● DIRECTIONS:
Could you copy exactly the lines from the start of the records through the one containing "Celebrate fall with", both included, and leave out the pictures?

Items from a dataset:
%%

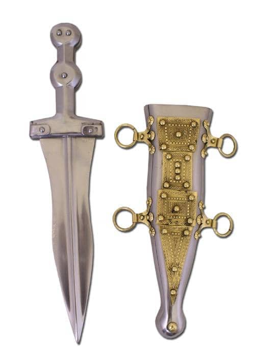Réplica de una daga romana siglo 1. El Pugio tiene una funda decorativa hecha de acero, que está ricamente decorado con accesorios de latón.
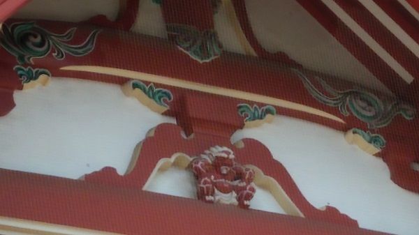 虹梁の上の蟇股は、赤色の花が彫られています。
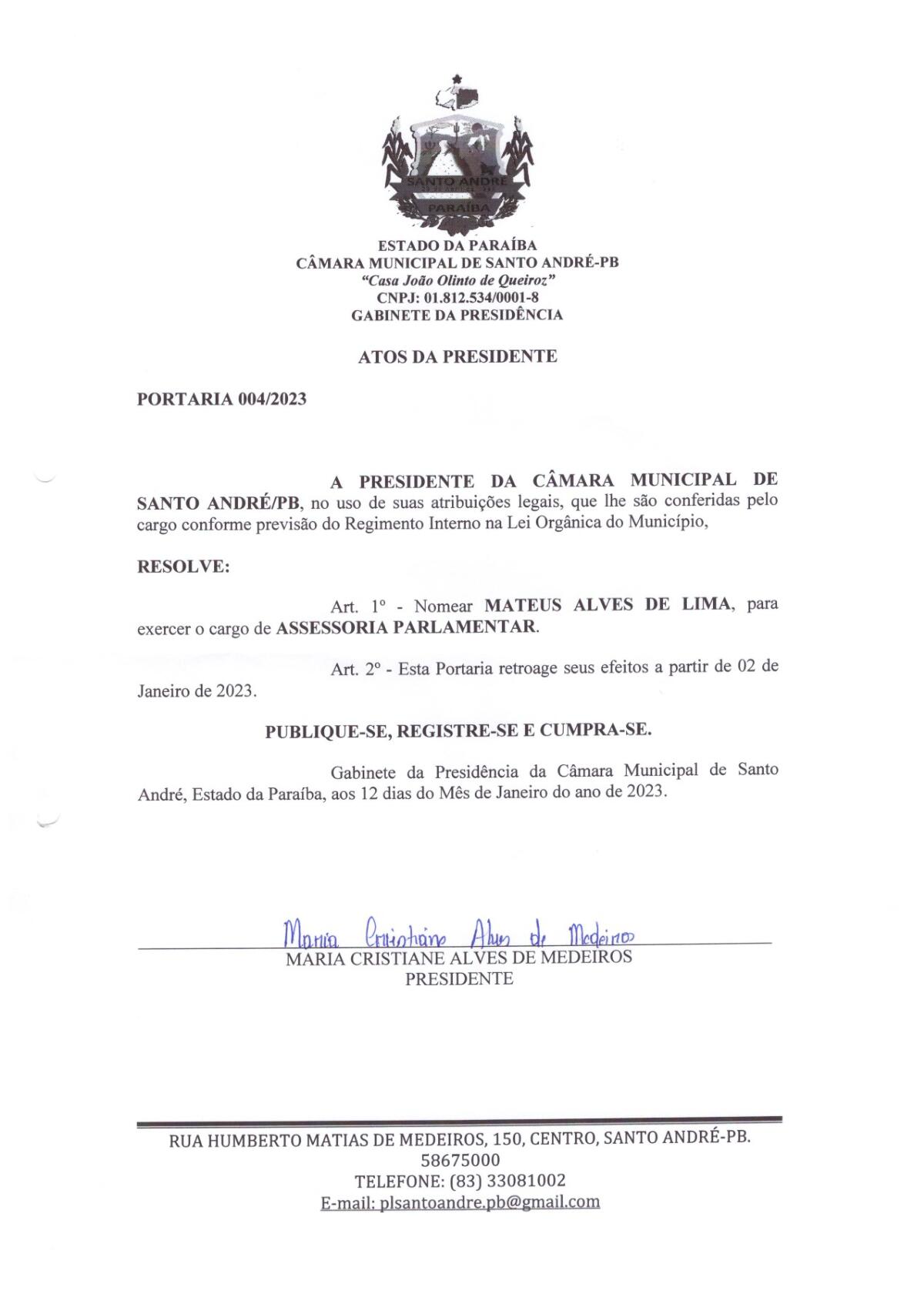 PORTARIA N° 0004/2023 - NOMEAÇÃO DE MATEUS ALVES DE LIMA PARA EXERCER O CARGO DE ASSESSORIA PARLAMENTAR
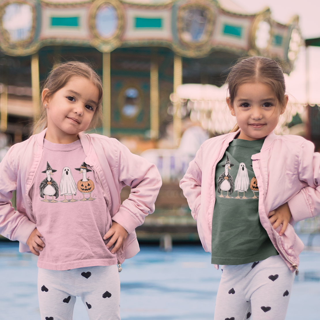Celebrate fall with the Goose Bumps Youth & Toddler Graphic Tee, featuring a hilarious trio of geese dressed in festive Halloween costumes. This playful design adds charm and laughter to your child's wardrobe, making it the perfect tee for seasonal fun and cozy comfort.
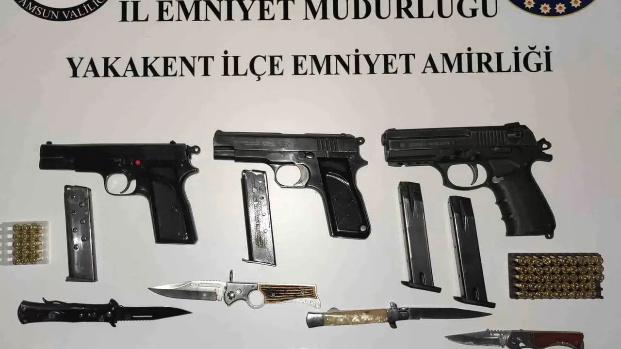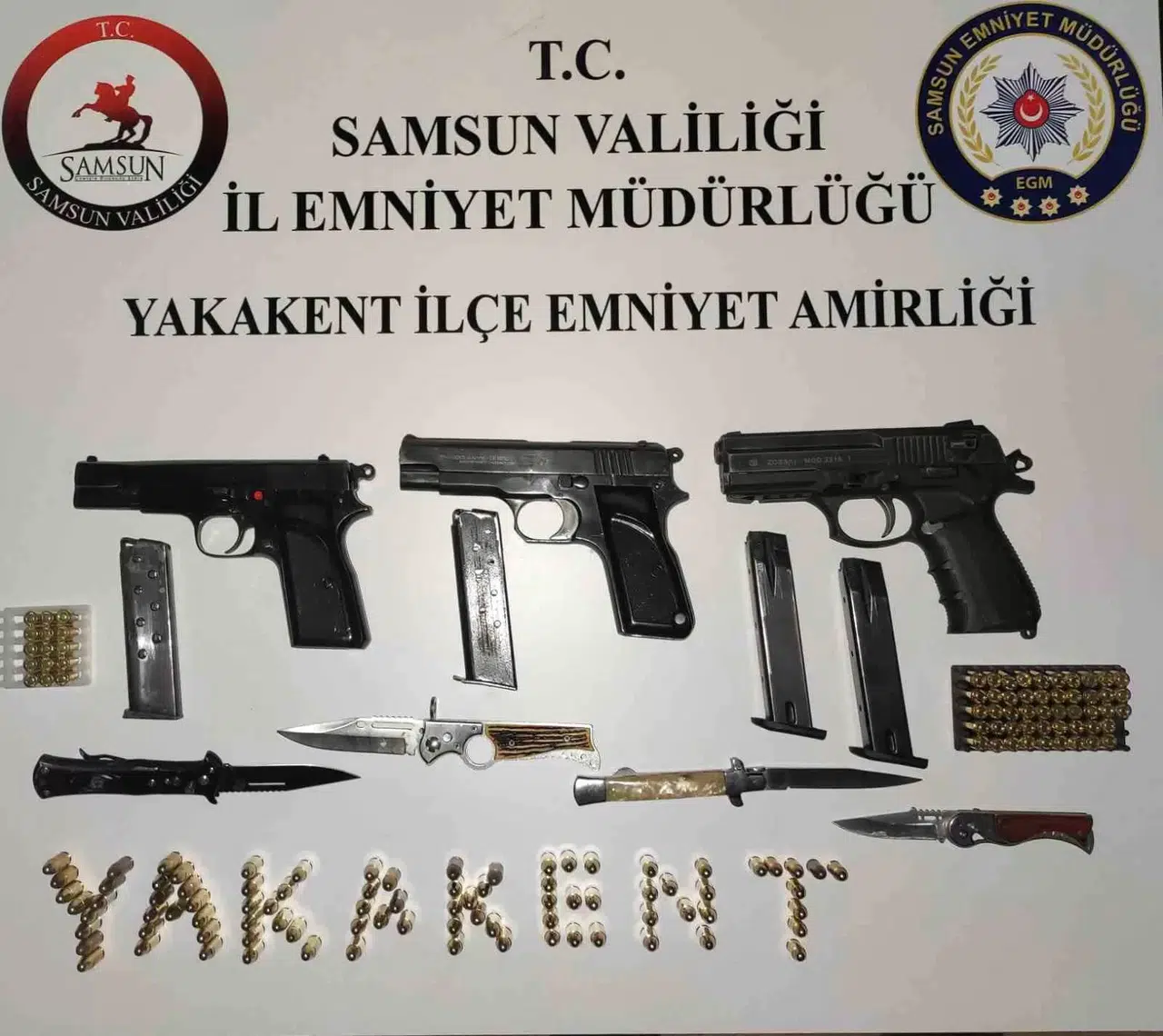 İl Emniyet Müdürlüğü Yakakent İlçe Emniyet Amirliği ekipleri, Yakakent ilçesinde silah kaçakçılığı yaptığı gerekçesiyle şüpheli N.Ş.’yi bir kahvehanede oyun oynadığı esnada yakaladı. Şahsın yapılan üst aramasında bir adet bıçak, ikametinde ise çeşitli bölmelere zulalanmış vaziyette 2 adet ruhsatsız tabanca, 4 adet sustalı bıçak, 101 adet tabanca fişeği ve 48 adet kurusıkı tabanca fişeği ele geçirildi.
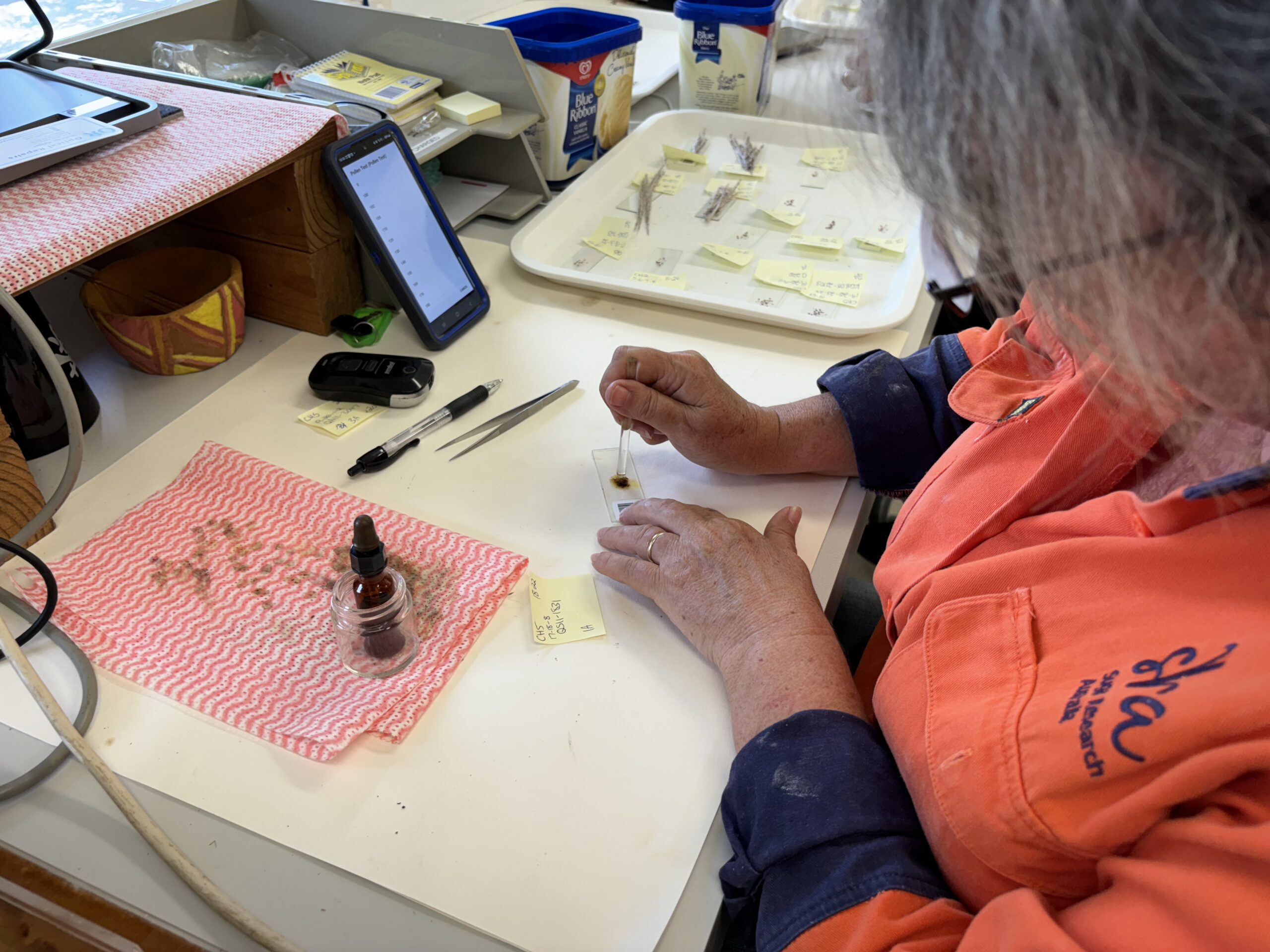 Florets from the flowers of selected parents are brought back to the laboratory at Meringa Station to determine if the parent will be used as a male or female. This is determined by how much viable pollen a flower produces. To do this, anthers containing pollen are extracted from the florets and placed onto slides where the anthers are squashed to release the pollen. A basic starch test using a drop of potassium iodide is then conducted on the pollen grains. An assessment of the percentage of viable pollen present under a microscope is used to determine the gender. A parent that produces more than 20 percent viable pollen is considered a male, and any less it is used as a female. This process is conducted each time a crossing session is carried out at the station, as pollen viability is sensitive to nocturnal temperatures, and male sterility is often experienced when night-time temperatures drop below 18 degrees Celsius. These changes in pollen viability often results in some parents being used as both a male and a female at different times during a crossing season.

%%

● ANSWER BOX:
Réplica de una daga romana siglo 1. El Pugio tiene una funda decorativa hecha de acero, que está ricamente decorado con accesorios de latón.
 虹梁の上の蟇股は、赤色の花が彫られています。
 PORTARIA N° 0004/2023 - NOMEAÇÃO DE MATEUS ALVES DE LIMA PARA EXERCER O CARGO DE ASSESSORIA PARLAMENTAR
Celebrate fall with the Goose Bumps Youth & Toddler Graphic Tee, featuring a hilarious trio of geese dressed in festive Halloween costumes. This playful design adds charm and laughter to your child's wardrobe, making it the perfect tee for seasonal fun and cozy comfort.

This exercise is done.